About TWD

The Word Detective on the Web is the online version of The Word Detective, a newspaper column answering readers’ questions about words and language. The Word Detective column was written by Evan Morris, and appeared in newspapers in the U.S., Mexico and Japan.


Had been promised an ice cream soda.

Since 1995, Word Detective columns have been posted on the web a few months after they were carried in newspapers. All columns eventually appear, in complete form, free for anyone to read, on this web site.







This is the introduction to The Word Detective, a collection of these columns published by Algonquin Books in 2000:


It all started with sticky dimes. It was 1958, I was eight years old, and my older sister and I sat in the library of my family’s home in suburban Connecticut, opening the dozen or so envelopes that had arrived in the day’s mail. Each envelope contained ten cents in some form — usually dimes or nickels taped securely to small pieces of cardboard, but sometimes a hodgepodge of stamps — and it was our job to extract the loot and sort it dutifully into plastic salad bowls. A grownup would probably have regarded our task as tedious, but we, innocent of child labor laws, had begged our parents to let us open the letters.

In my eight-year-old world, encountering just one letter containing actual money would have been a memorable event. A pile of such magic envelopes was a postal miracle that boggled my small mind, on a par with having the Tooth Fairy drop by for dinner. As a matter of fact, I was beginning to have my doubts about the Tooth Fairy’s existence, but here was solid evidence of a Mail Fairy out there somewhere with an apparently inexhaustible supply of sticky dimes.

To my parents, however, the dimes were simply the fruits of a good idea. My father was Editor-in-Chief of Grosset & Dunlap, a large publishing firm in New York City. Several years earlier he had begun writing a syndicated newspaper column called Words, Wit and Wisdom, answering readers’ questions about word origins and language usage, and he had learned several useful things about his readers from the questions they sent in. His readers were very insecure about the size of their vocabularies, they were similarly worried about making grammatical errors, and they were fascinated and often mystified by “teen” slang. My parents’ good idea was to produce simple, helpful pamphlets on each of these topics and market them through my father’s column for ten cents each. The response from readers was phenomenal, and soon my sister and I were stuffing envelopes with copies of “The Morris Self-Scoring Home Vocabulary Test,” a hipster glossary called “The Real Gone Lexicon” and similar creations.
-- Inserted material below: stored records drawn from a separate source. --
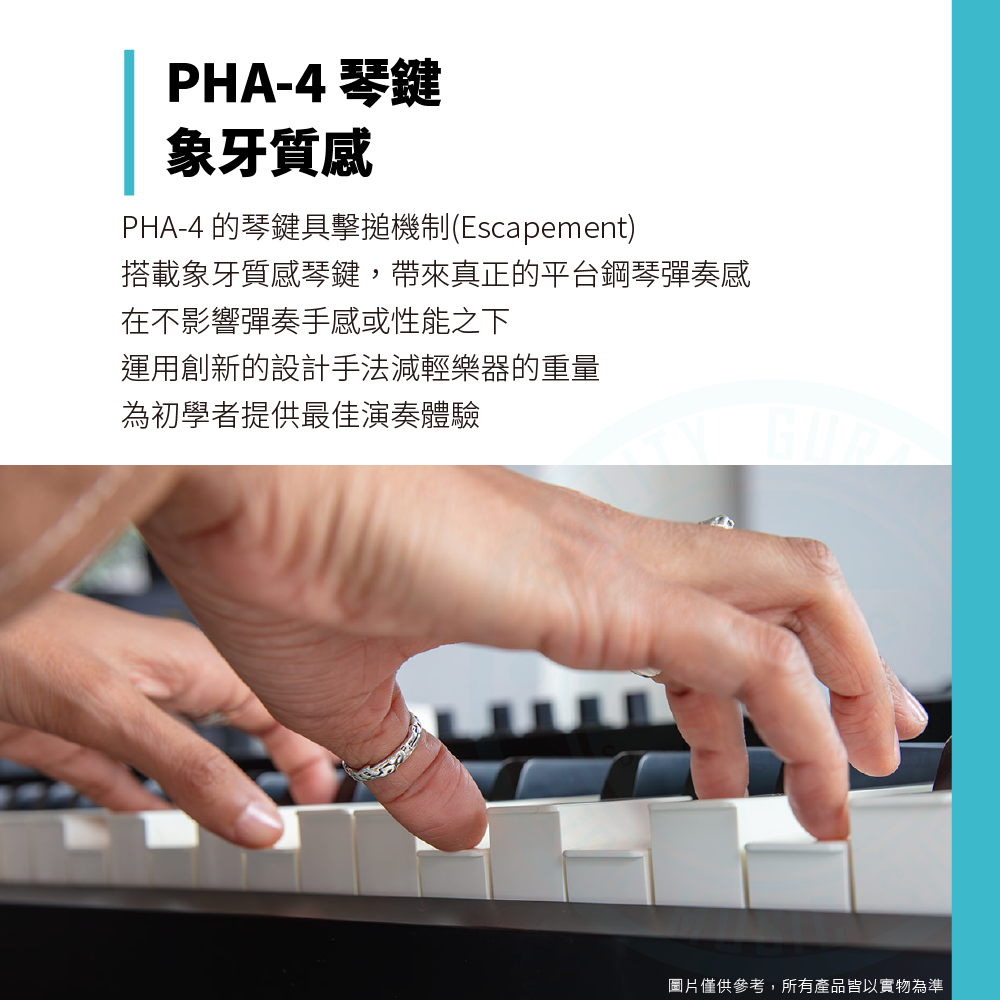 ◆ 88 鍵PHA-4象牙質感琴鍵搭載擊搥機制
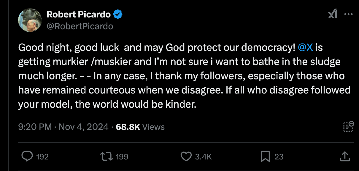 Picardo made it clear he didn’t like X because he received pushback there, unlike other social media echo chambers. He said, “Good night, good luck and may God protect our democracy! @X is getting murkier /muskier and I’m not sure i want to bathe in the sludge much longer. - - In any case, I thank my followers, especially those who have remained courteous when we disagree. If all who disagree followed your model, the world would be kinder.”
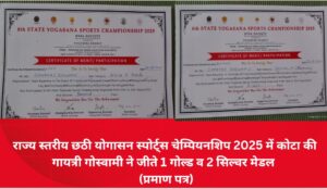 प्रतियोगिता में कोटा की योग साधिका गायत्री गोस्वामी ने शानदार प्रदर्शन करते हुए 1 स्वर्ण (Gold) व 2 रजत (Silver) मेडल अपने नाम किए। गायत्री की इस सफलता से कोटा जिले का नाम एक बार फिर योगासन खेलों में पूरे प्रदेश में रोशन हुआ।
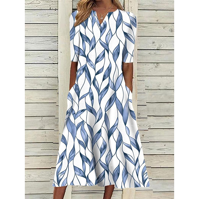 More information about Women's Midi Dress Casual Dress Shift Dress Leaf Print Print V Neck Classic Casual Daily Vacation Half Sleeve Summer Spring
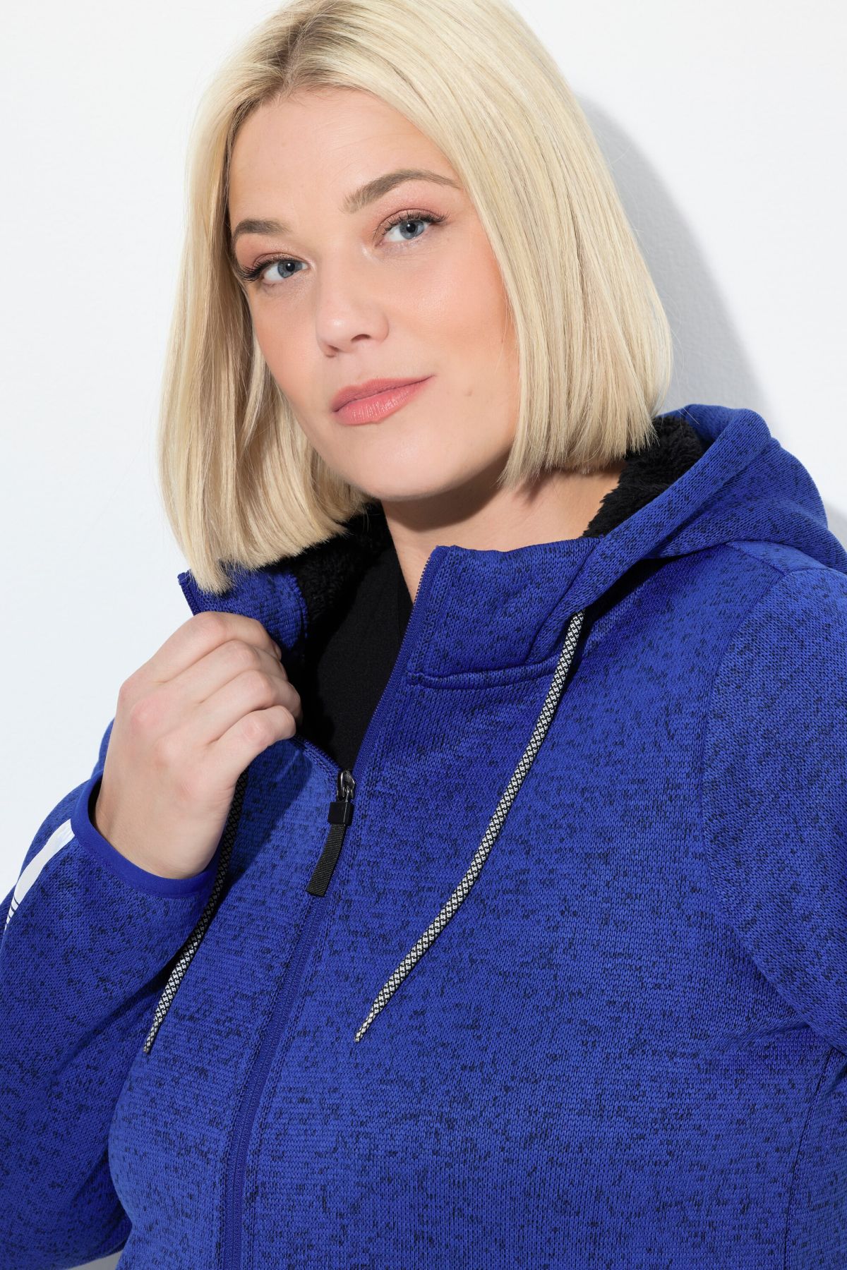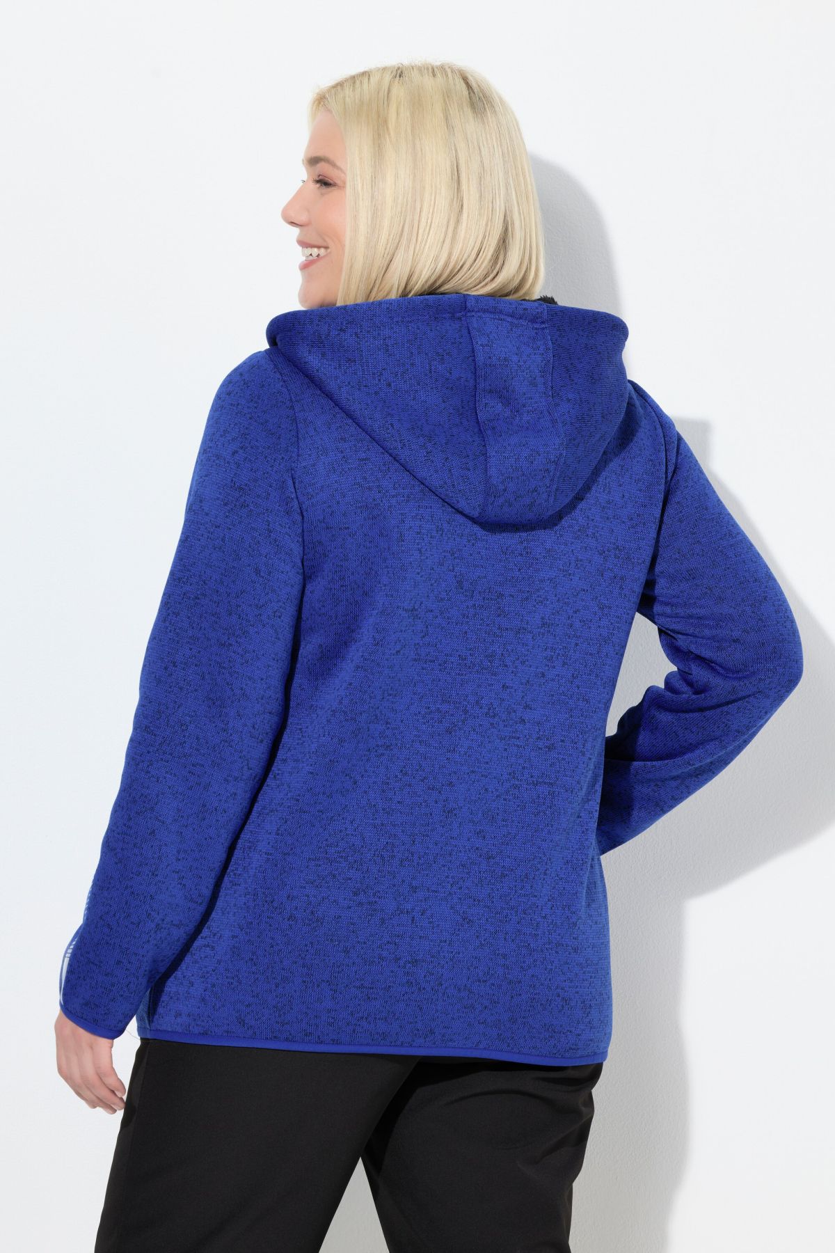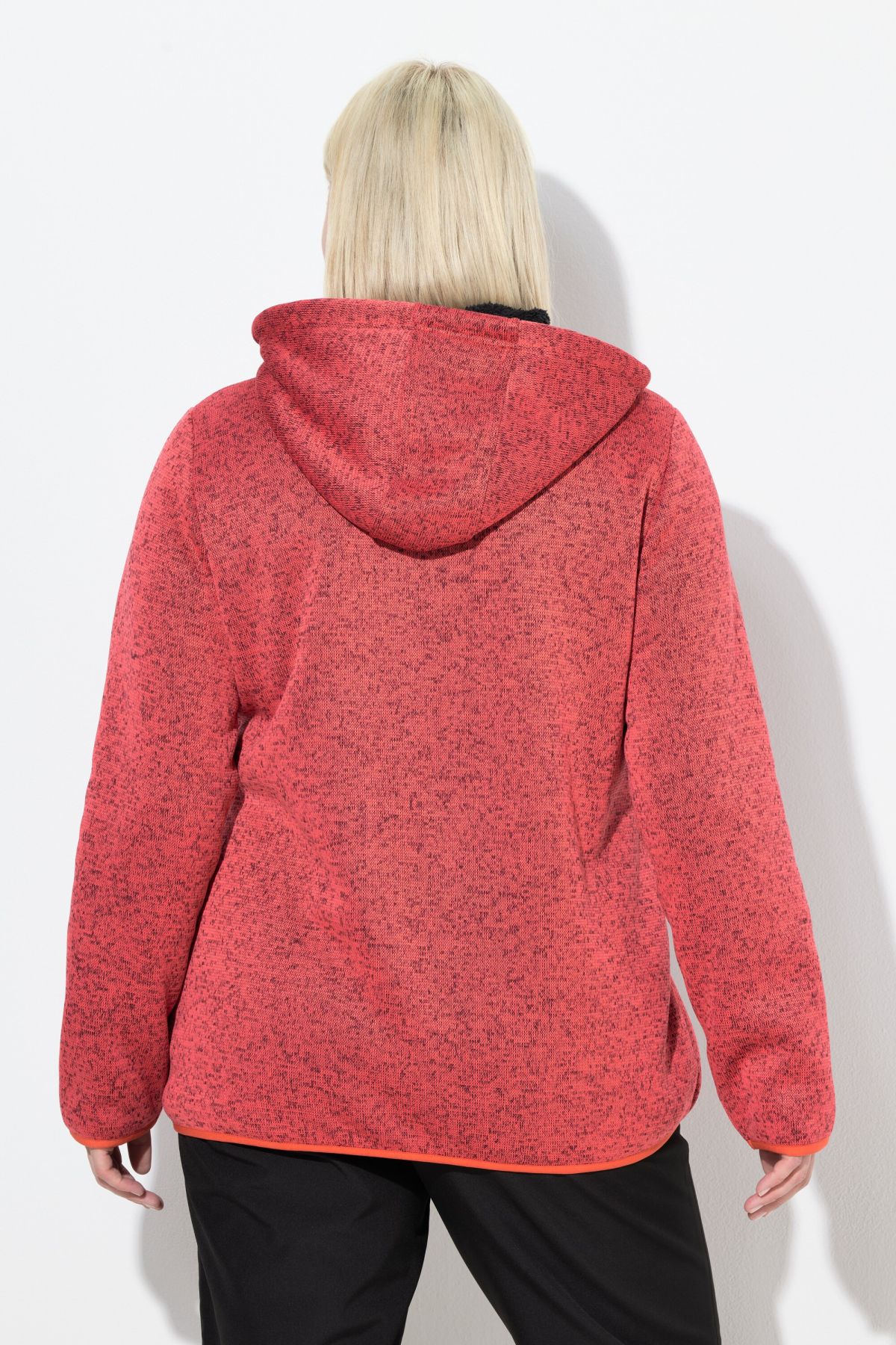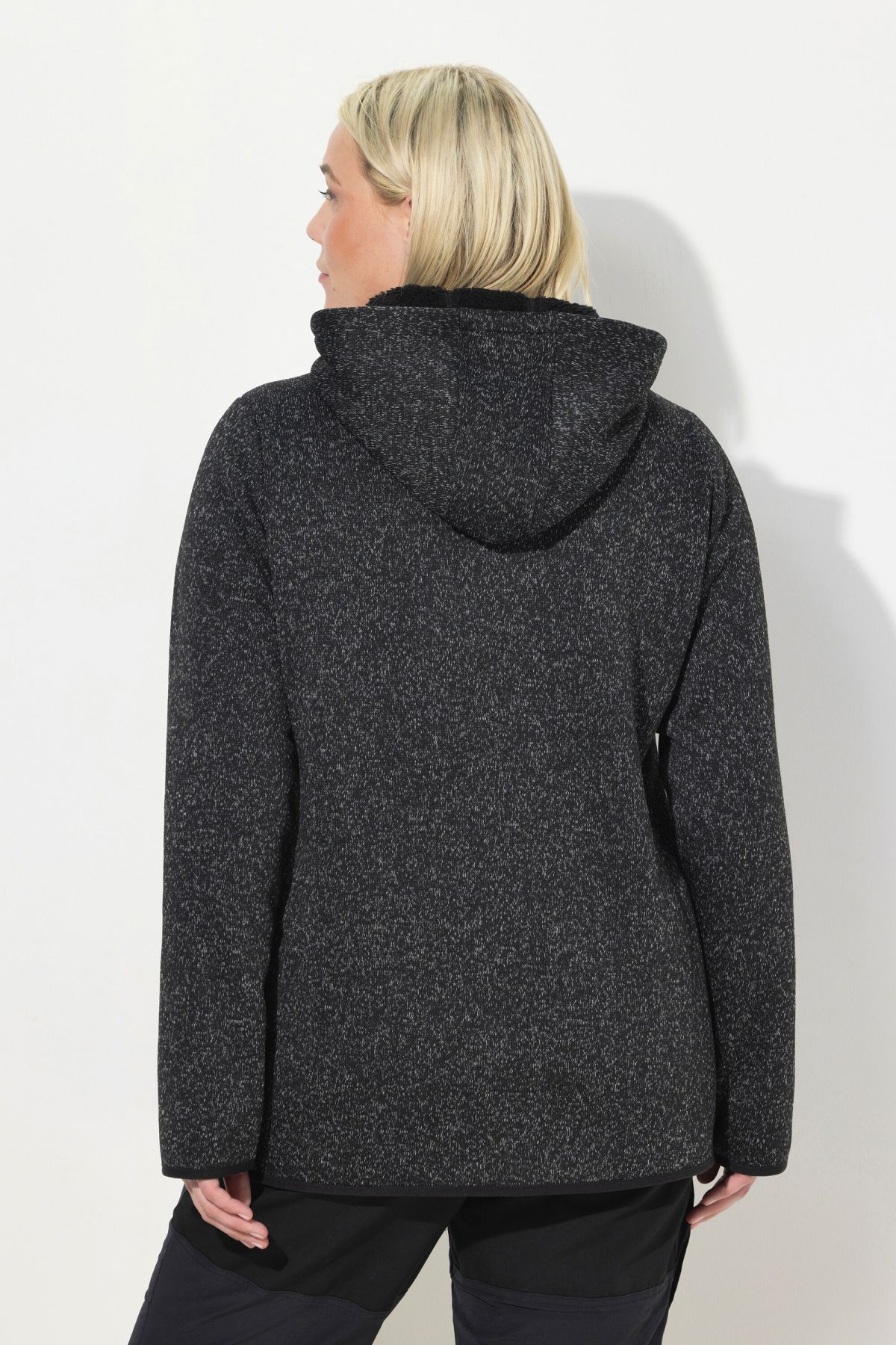 Суитчър с плетена визия. С качулка с връзка за регулиране, предпазител за брадичка, двупосочен цип, странични джобове, дълги ръкави с маншети и светлоотразителни и еластичен подгъв. Плетен отвън и поларен отвътре.
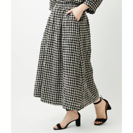 大人ナチュラル綿麻ギンガムチェックスカート
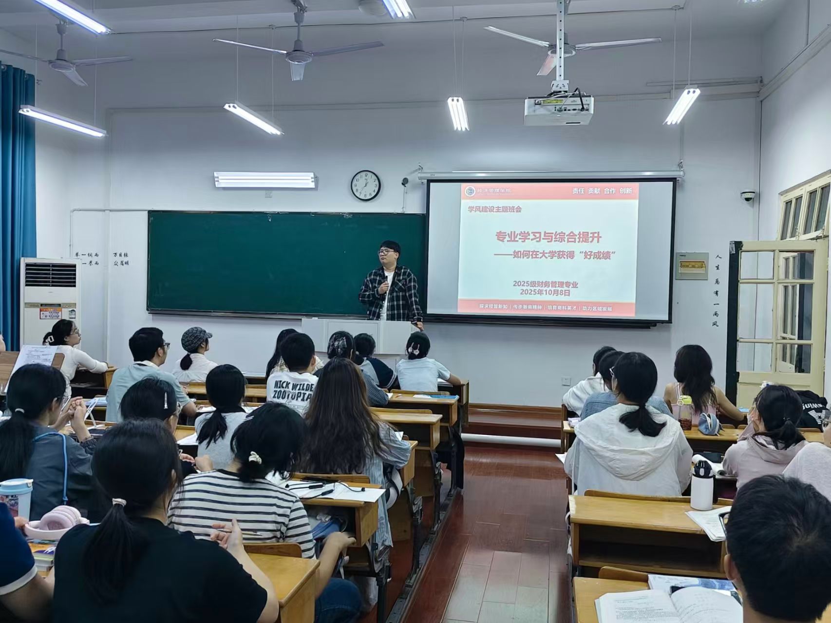 9月26日晚,班级邀请财务管理专业负责人高智林老师、会计专硕学位点负责人汪洋老师、学院财会技能大赛负责老师吕易老师开展专业导航教育。高智林介绍了专业的发展历史、办学情况、师资力量、学科优势及未来发展前景等,详细解读了本专业人才培养方案,深入阐述了课程设置逻辑与毕业要求。汪洋老师介绍了会计专硕的基本情况,围绕专业学习、考研就业等给予学生大学学习成长建议。结合学科特点,吕易重点介绍了财会技能大赛有关情况,鼓励新生以赛促学,提升实践创新能力。
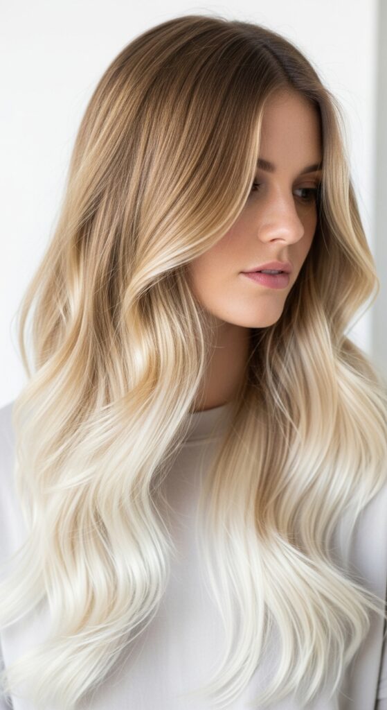 This is a high-impact, super glamorous ombre. You start with a warm golden blonde, and it slowly builds up to a nearly white platinum. It gives a very expensive, sun-kissed effect. This is a favorite for bridal looks or special events. It photographs beautifully. The golden roots keep it from looking too harsh, and the white ends add a touch of drama. Because of the high level of lightness, use a deep conditioner weekly and a bond repair treatment. This is definitely a color that says, “I take my hair seriously.”

I was aware of my father’s vocation, of course, although I tended to view his profession through the pragmatic prism of a young boy’s interests. I was oblivious to the fact that Grosset published some of the most popular novels of the 1950s, but I was thrilled that my father apparently possessed the keys to a bottomless trove of the Hardy Boys, Steve Canyon and Tom Swift, Jr. books I loved.

My parents encouraged all their children to read, and I watched relatively little television as a child. The problem my parents faced was not in getting us to read, but in getting us to stop. “No reading at the dinner table” was a frequent admonition, which we quietly subverted by memorizing the ingredients list of every condiment on the table. My sister and I argued over first crack at each new Life, Look or Newsweek that arrived in the mail, and I spent many an afternoon driving my mother to distraction by following her from room to room begging her to explain the notoriously oblique cartoons in The New Yorker to me.